- Problem details -
Go through the records below from the first line and print each one exactly, stopping after the line that contains "칼로리:영양 성분 표시/제품1개(20g)중【애플】열량13kcal". Do not print pictures or anything past that line.

- Record set -
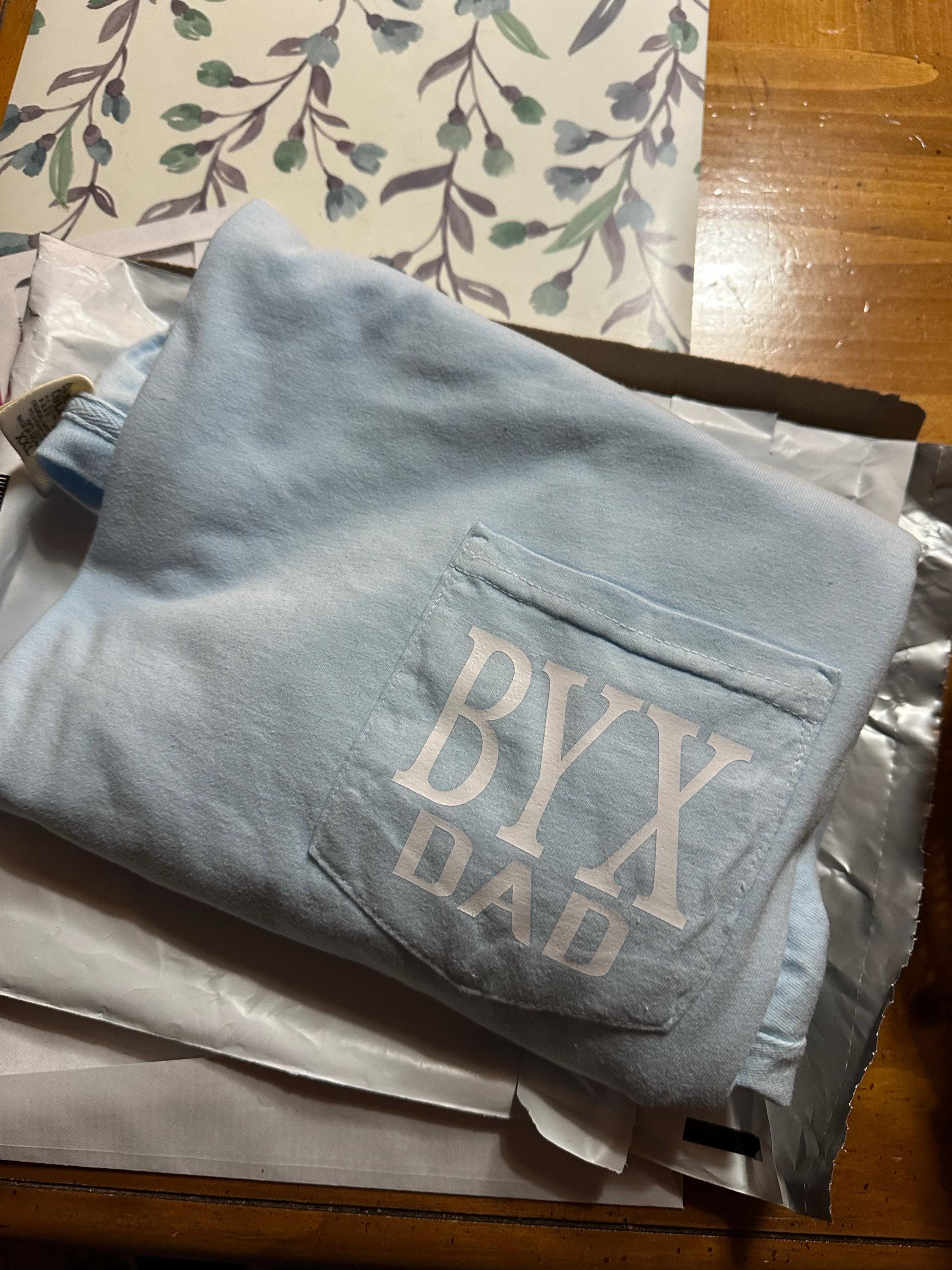 The Perfect Fathers gift. A short sleeve pocket t-shirt with the greek letters in white with DAD printed under the greek letters. Comfort Color brand shirt. Print is in heat vinyl transfer. All letting will be in the color white.
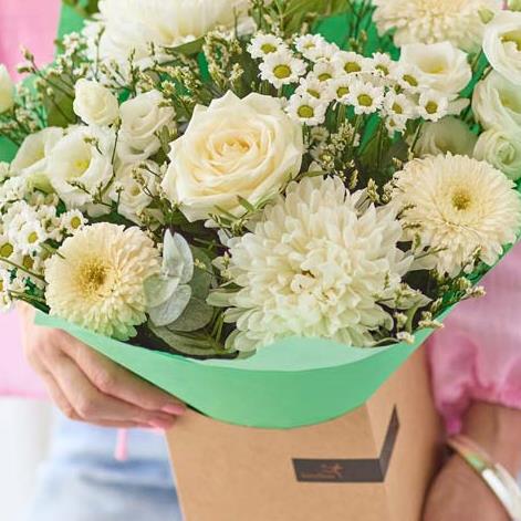 A gift box filled with calming neutral flowers in shades of crisp white and smooth cream, exquisitely arranged with with contrasting fresh green foliage by a local florist.
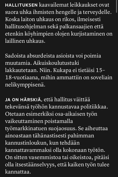 “If it is indeed the case that after the cuts planned by the government, the salary will be deducted directly from the labour market support, it would mean about 450 euros less income per month, Santtu says, based on his calculations.” #politics #politicsFI #rightWingPolitics #finland #systemicViolence #welfareCuts
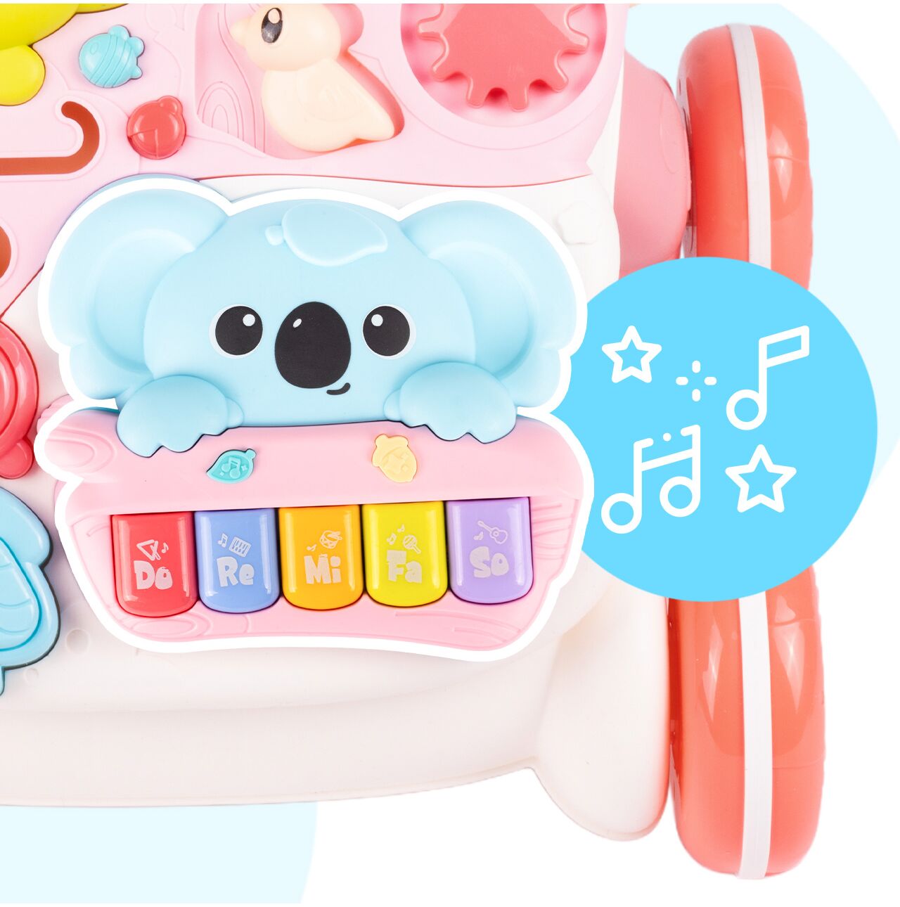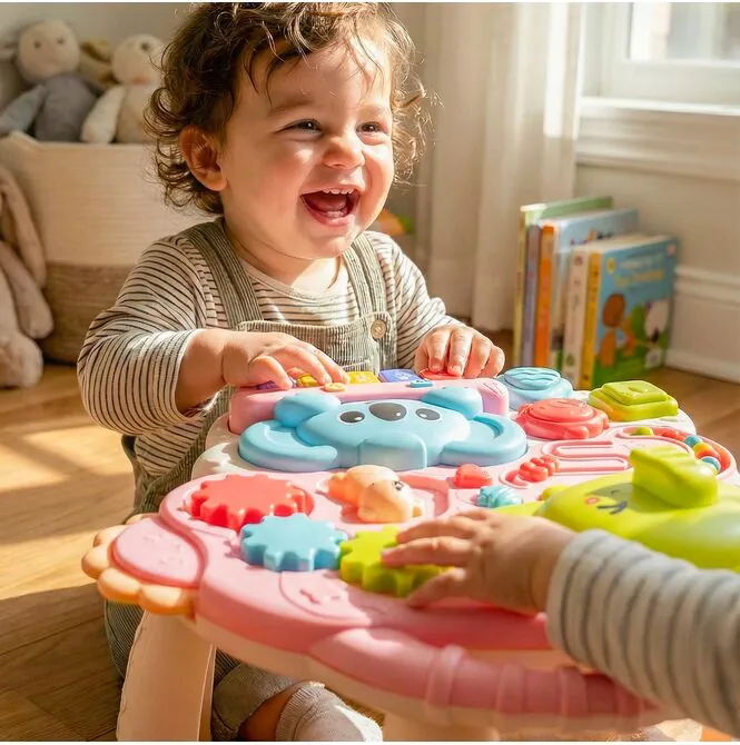 Není to jen odrážedlo , ale také stolek s aktivitami a interaktivní hrací panel . To umožňuje vašemu dítěti používat hračku různými způsoby – sedět, stát nebo s odrážedlem chodit . Je to skvělé řešení pro rodiče, kteří hledají jednu hračku s mnoha možnostmi.
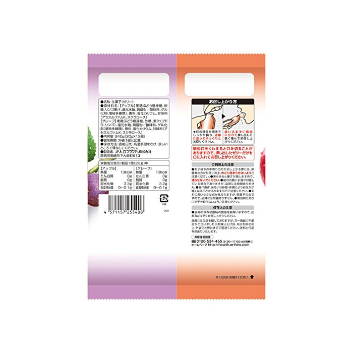 칼로리:영양 성분 표시/제품1개(20g)중【애플】열량13kcal 【그레이프】열량13kcal
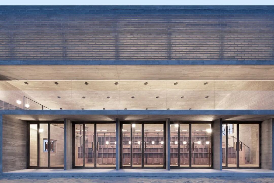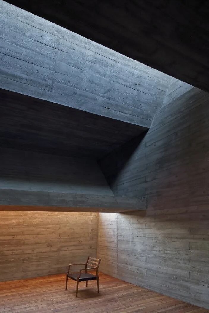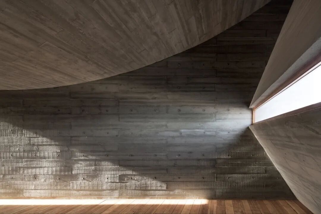 整個建筑的材料是混凝土,但建筑師董功用了一種特殊的模板,整個墻上有清晰的澆筑混凝土時留下的木頭肌理,在某種層面上揭示了施工過程中的一些程序,而且給材料本身帶來了質(zhì)感,創(chuàng)造了更親密的材料和人的關系,尤其是在平行的光線下,木頭的肌理會被光放大到一個最生動的狀態(tài)。

- Output of the task -
 The Perfect Fathers gift. A short sleeve pocket t-shirt with the greek letters in white with DAD printed under the greek letters. Comfort Color brand shirt. Print is in heat vinyl transfer. All letting will be in the color white.
 A gift box filled with calming neutral flowers in shades of crisp white and smooth cream, exquisitely arranged with with contrasting fresh green foliage by a local florist.
 “If it is indeed the case that after the cuts planned by the government, the salary will be deducted directly from the labour market support, it would mean about 450 euros less income per month, Santtu says, based on his calculations.” #politics #politicsFI #rightWingPolitics #finland #systemicViolence #welfareCuts
 Není to jen odrážedlo , ale také stolek s aktivitami a interaktivní hrací panel . To umožňuje vašemu dítěti používat hračku různými způsoby – sedět, stát nebo s odrážedlem chodit . Je to skvělé řešení pro rodiče, kteří hledají jednu hračku s mnoha možnostmi.
 칼로리:영양 성분 표시/제품1개(20g)중【애플】열량13kcal 【그레이프】열량13kcal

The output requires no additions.